DATA EXTRACTS |
-- Opening Marker --
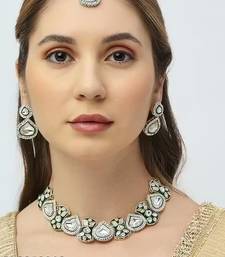 This Elegant Kundan Choker Necklace Set Features A Beautifully Crafted Design With Pear Shaped And Floral Kundan Stones Set In A Rich, Traditional Pattern, Paired With Matching Earrings And A Delicate Maang Tikka For A Complete Ethnic Look. The Premium Gold/Silver Tone Plated Finish With Shimmering Stones Gives A Royal Feel, Making It Perfect For Brides, Bridesmaids, And Wedding Guests Who Want A Statement Jewelry Set For Special Occasions.
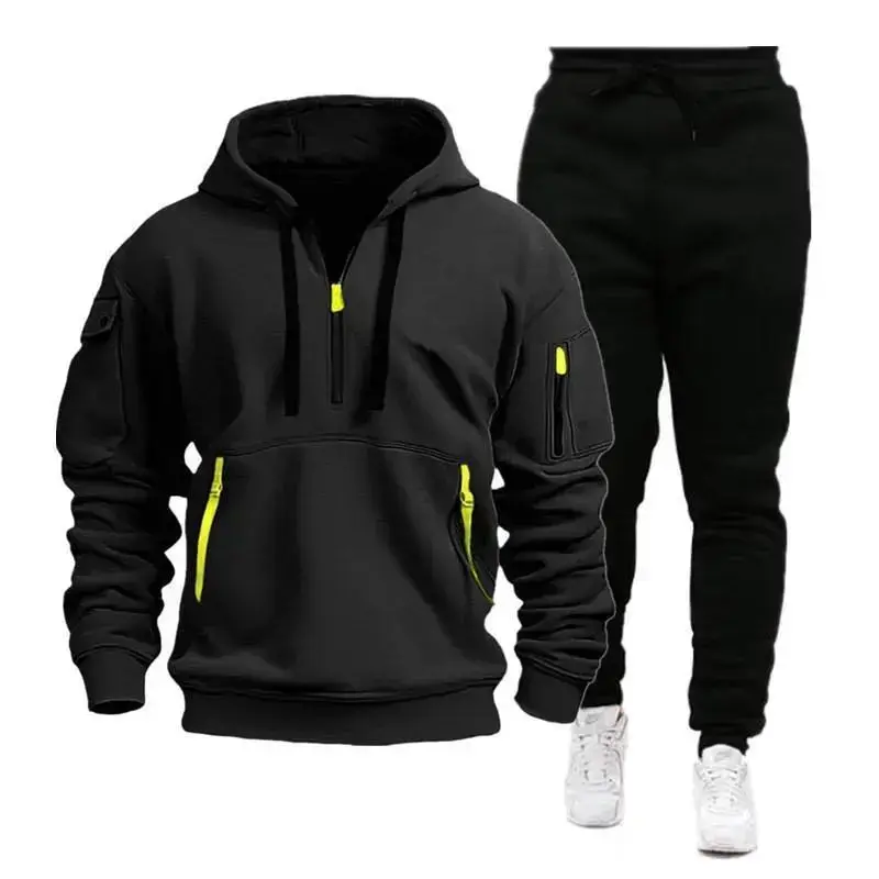 2025 Comfortable Casual Sports Hoodie Set Men with Multiple Pockets Zipper Hoodie Tracksuit Set Plain
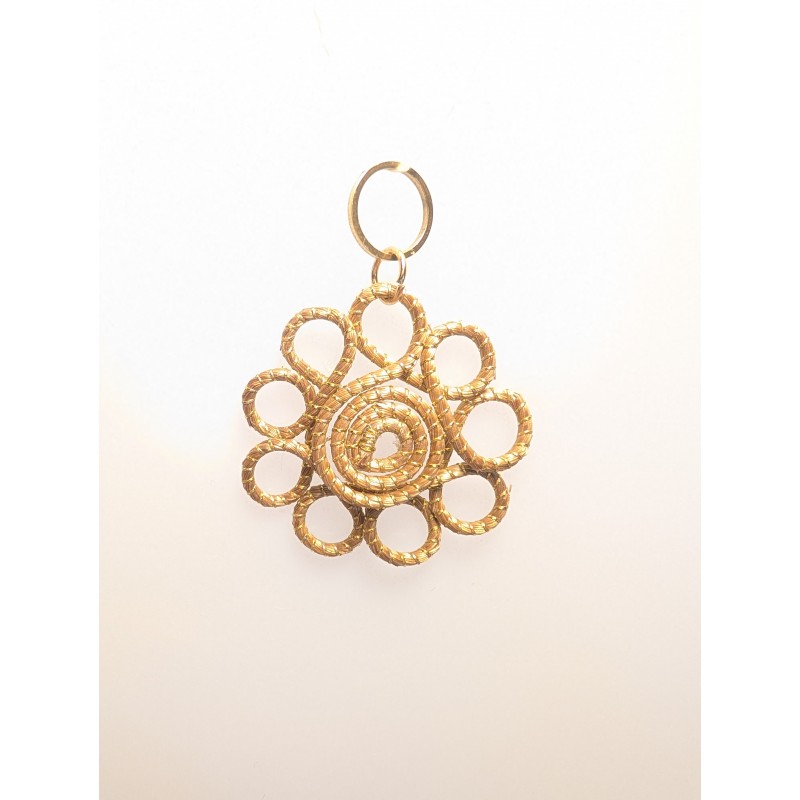 Ce sont des pendentifs dorés en capim dourado, l’or végétal brésilien.
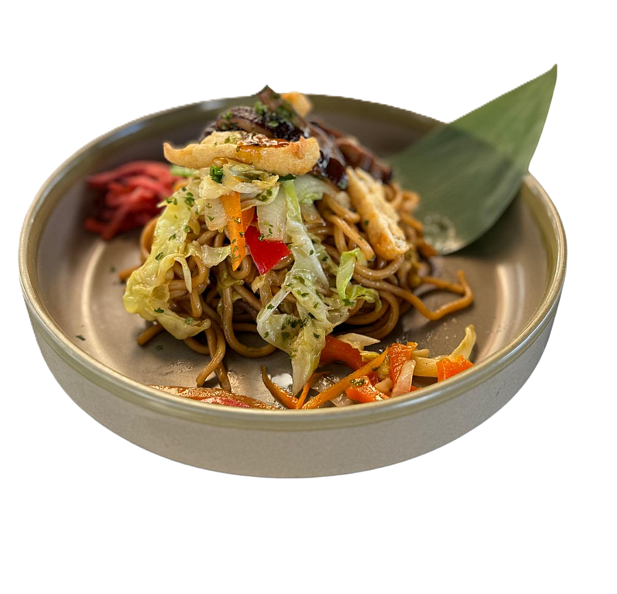 Noodles di frumento alla piastra con tofu fritto e verdure croccanti, serviti con salsa tipica giapponese e beni shoga (zenzero rosso marinato).
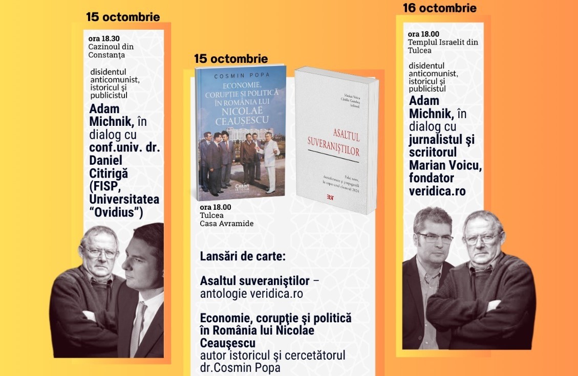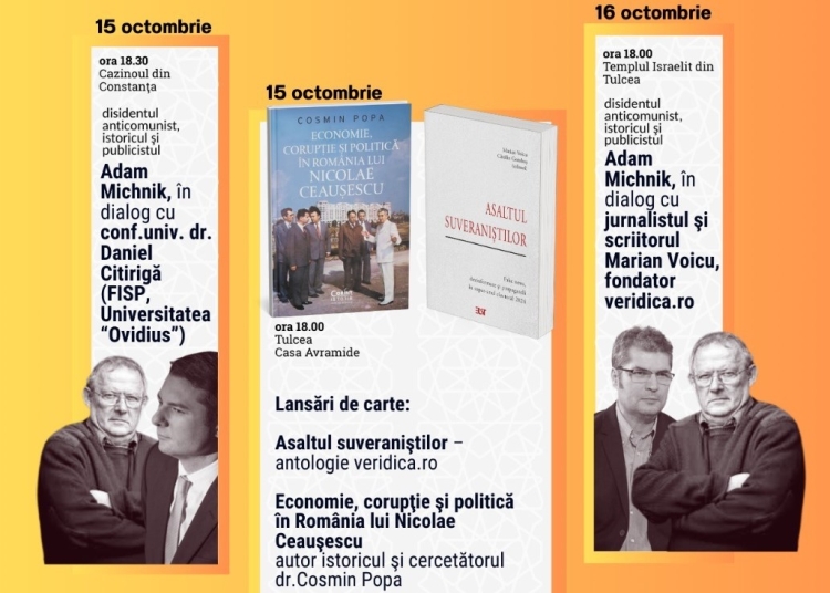 Primăria Municipiului Tulcea, în parteneriat cu Federația Comunităților Evreiești din România și Comunitatea Evreilor din Tulcea, are onoarea de a anunța organizarea conferinței-dialog susținute de către Adam Michnik, bine-cunoscutul dizident, eseist și jurnalist polonez, împreună cu jurnalistul Televiziunii Române, Marian Voicu.
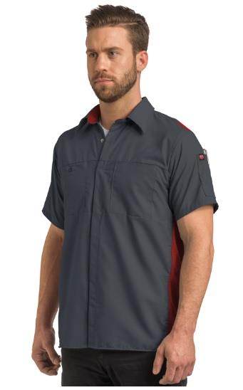 La tela utilizada para la confección de esta camisa de mangas larga y corta , tiene un terminado OilBlok, que es tecnología diseñada para repeler algunos de los fluidos más fuertes utilizados en los talleres. También, tiene paneles mesh para proporcionar mayor movilidad y transpiración mientras que los refuerzos de mesh en las axilas permiten un mayor rango de movimiento y transpiración.
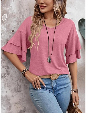 Női Póló Tee Top Fodrozott Sima Divat Stílusos Klasszikus Féhosszú V-alakú Normál felsők Napi Alkalmi Hétvége Fekete Fehér Arcpír rózsaszín Sötétkék Teveszín Nyár Tavasz
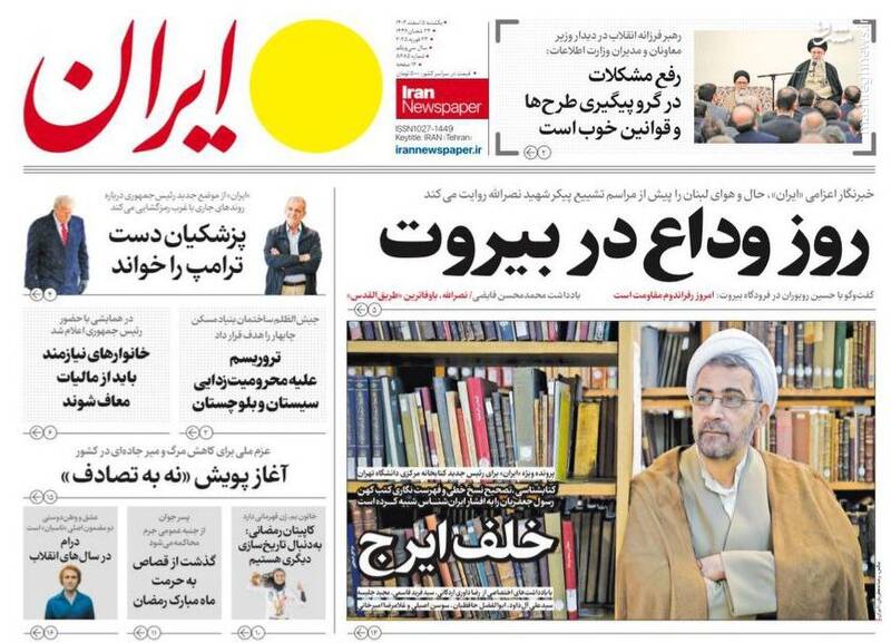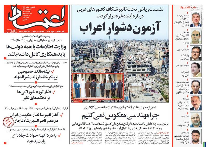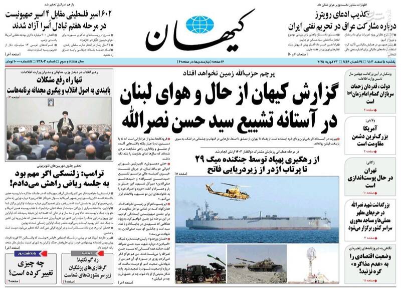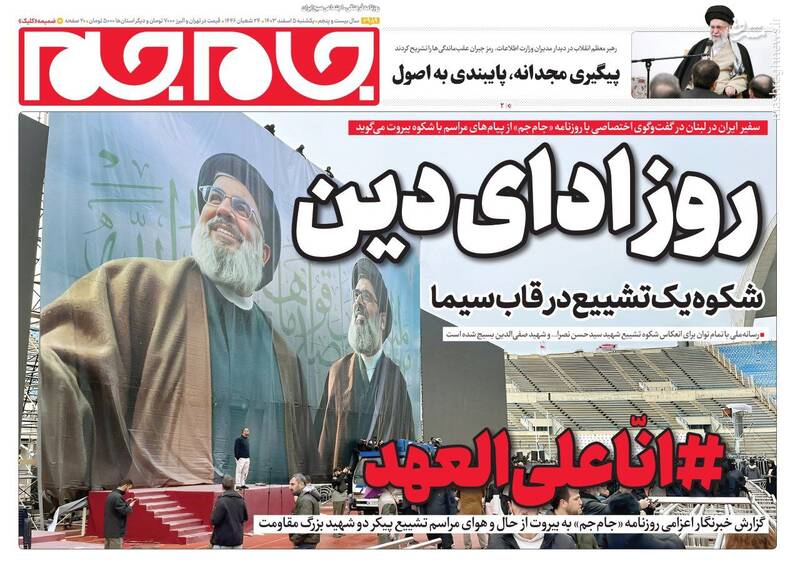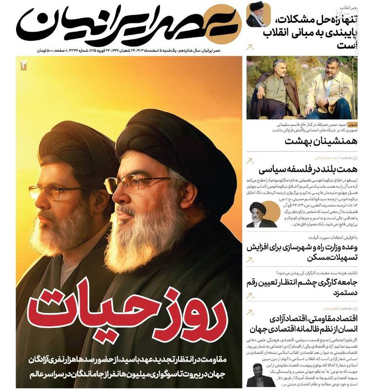 روز طوفان مردمی حزبالله، تنها راه رفع مشکلات پایبندی به اصول انقلاب و پیگیری مجدانه برنامههاست، روز ادای دین، از جمله تیترهای روزنامههای یکشنبه ۵ اسفند ۱۴۰۳ هستند.
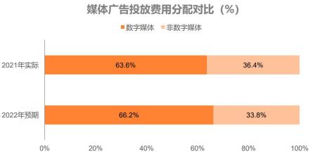 ● 2021年的調(diào)查顯示,數(shù)字媒體獲得了更多的廣告預(yù)算,費用占比為63.6%。到了2022年,數(shù)字媒體的分配占比將再提升近3個百分點。
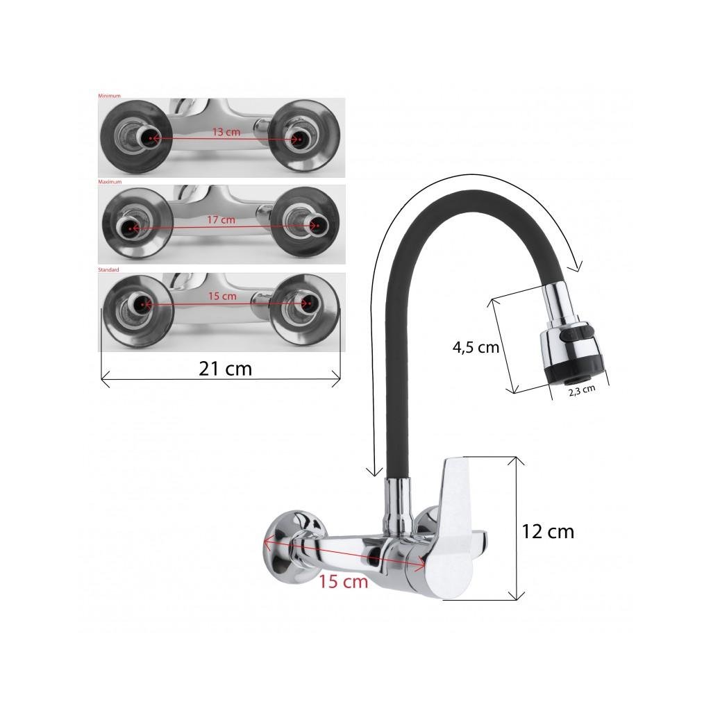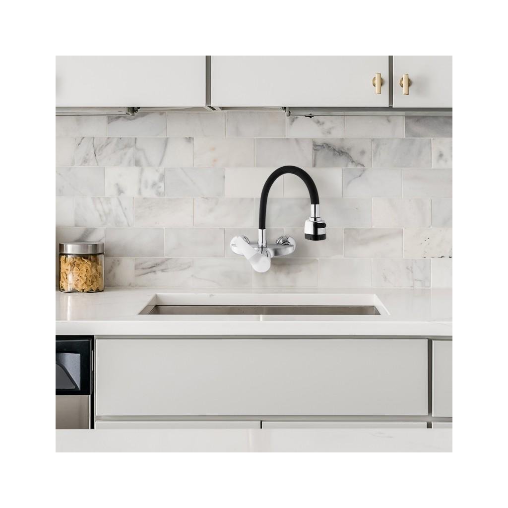 - Csaptelep típusa: konyhai csaptelep, kétlyukú, egykaros, falra szerelhető
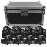 U`King 4PCS Moving Head DJ Lights with Flight Case Storage Container, LED Stage Lights by DMX/Sound Activated with Customized Road Case for Patry Wedding DJ Disco Bar Birthday
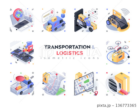 Transportation and logistics concept isometric 3d icons set. Global distribution, trucking, package tracking applications, warehouses, fast shipping, isometry isolated collection. Vector illustration
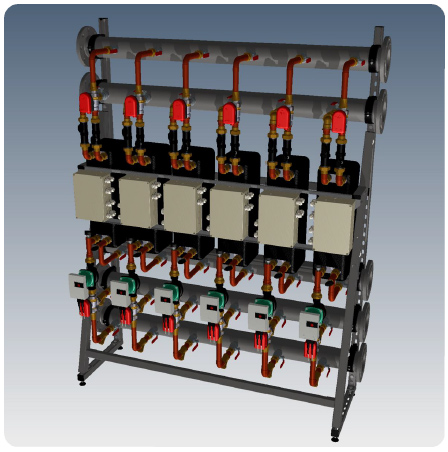 Modules are optionally supplied on frame with manifolds for easy connection to services.
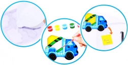 Součástí balení je vše, co potřebuješ: miska a míchátko na sádru, štětec, 6 barev, magnetická páska a návod. Vytvoříš až 6 originálních magnetek – buldozer, jeřáb, domíchávač, válec, bagr a nákladní auto. Skvělý dárek, který podporuje kreativitu, jemnou motoriku a trpělivost.
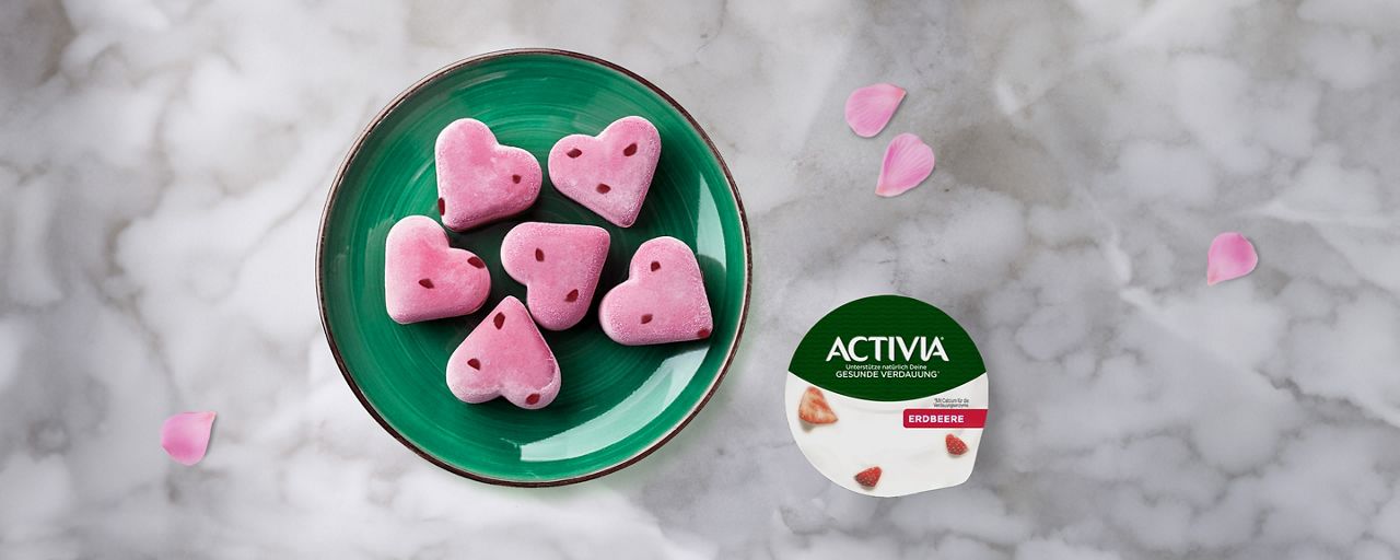 In einer Schüssel ACTIVIA Erdbeere mit Honig und Vanilleextrakt gut vermischen, bis alles gleichmäßig ist. Alles mit einem Löffel in die einzelnen Herzförmchen geben, bis diese komplett gefüllt sind.
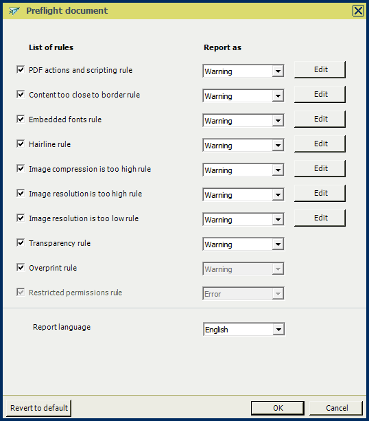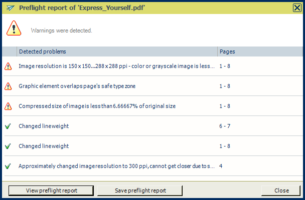 Click [OK] to start the preflight check. The preflight report is generated. The green ticks indicate the preflight engine solved the problem, the exclamation symbols indicate a warning.
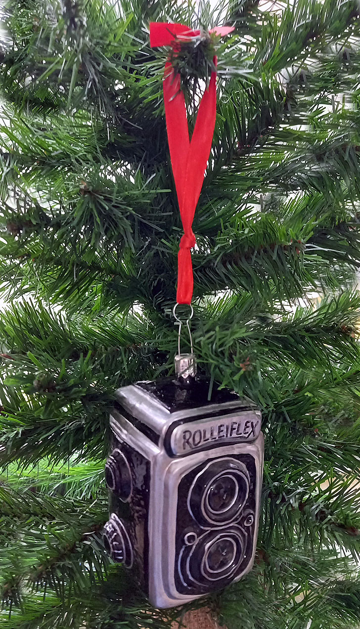 Unser Museumsleiter liebt ja solche Foto-Gimmicks und er weiß sich da in guter Gesellschaft mit vielen Sammlern von Photographica. Hier zum Beispiel eine etwa 10 x 7 x 7 cm kleine „Rolleiflex“ für den Weihnachtsbaum des verwöhnten Rollei-Sammlers. Die federleichte Mini-„Kamera“ auch blechähnlichem unbekannten Material, möglicherweise handbemalt, hat einen klassischen Aufhänger für Christbaumkugeln und ein 12 cm langes rotes Stoffband. Wie gut, dass ein kleiner Christbaum aus Kunststoff noch irgendwo herumstand, um diese stimmungsvollen Aufnahmen machen zu können. Hersteller und Bauzeit sind unbekannt.
-- Closing Marker --
ASSIGNMENT | Everything between and including the line above containing "2025 Comfortable Casual" and the line containing "Transportation and logistics" should be reproduced exactly, with pictures excluded.

OUTPUT FOR THIS TASK |
 2025 Comfortable Casual Sports Hoodie Set Men with Multiple Pockets Zipper Hoodie Tracksuit Set Plain
 Ce sont des pendentifs dorés en capim dourado, l’or végétal brésilien.
 Noodles di frumento alla piastra con tofu fritto e verdure croccanti, serviti con salsa tipica giapponese e beni shoga (zenzero rosso marinato).
 Primăria Municipiului Tulcea, în parteneriat cu Federația Comunităților Evreiești din România și Comunitatea Evreilor din Tulcea, are onoarea de a anunța organizarea conferinței-dialog susținute de către Adam Michnik, bine-cunoscutul dizident, eseist și jurnalist polonez, împreună cu jurnalistul Televiziunii Române, Marian Voicu.
 La tela utilizada para la confección de esta camisa de mangas larga y corta , tiene un terminado OilBlok, que es tecnología diseñada para repeler algunos de los fluidos más fuertes utilizados en los talleres. También, tiene paneles mesh para proporcionar mayor movilidad y transpiración mientras que los refuerzos de mesh en las axilas permiten un mayor rango de movimiento y transpiración.
 Női Póló Tee Top Fodrozott Sima Divat Stílusos Klasszikus Féhosszú V-alakú Normál felsők Napi Alkalmi Hétvége Fekete Fehér Arcpír rózsaszín Sötétkék Teveszín Nyár Tavasz
 روز طوفان مردمی حزبالله، تنها راه رفع مشکلات پایبندی به اصول انقلاب و پیگیری مجدانه برنامههاست، روز ادای دین، از جمله تیترهای روزنامههای یکشنبه ۵ اسفند ۱۴۰۳ هستند.
 ● 2021年的調(diào)查顯示,數(shù)字媒體獲得了更多的廣告預(yù)算,費用占比為63.6%。到了2022年,數(shù)字媒體的分配占比將再提升近3個百分點。
 - Csaptelep típusa: konyhai csaptelep, kétlyukú, egykaros, falra szerelhető
 U`King 4PCS Moving Head DJ Lights with Flight Case Storage Container, LED Stage Lights by DMX/Sound Activated with Customized Road Case for Patry Wedding DJ Disco Bar Birthday
 Transportation and logistics concept isometric 3d icons set. Global distribution, trucking, package tracking applications, warehouses, fast shipping, isometry isolated collection. Vector illustration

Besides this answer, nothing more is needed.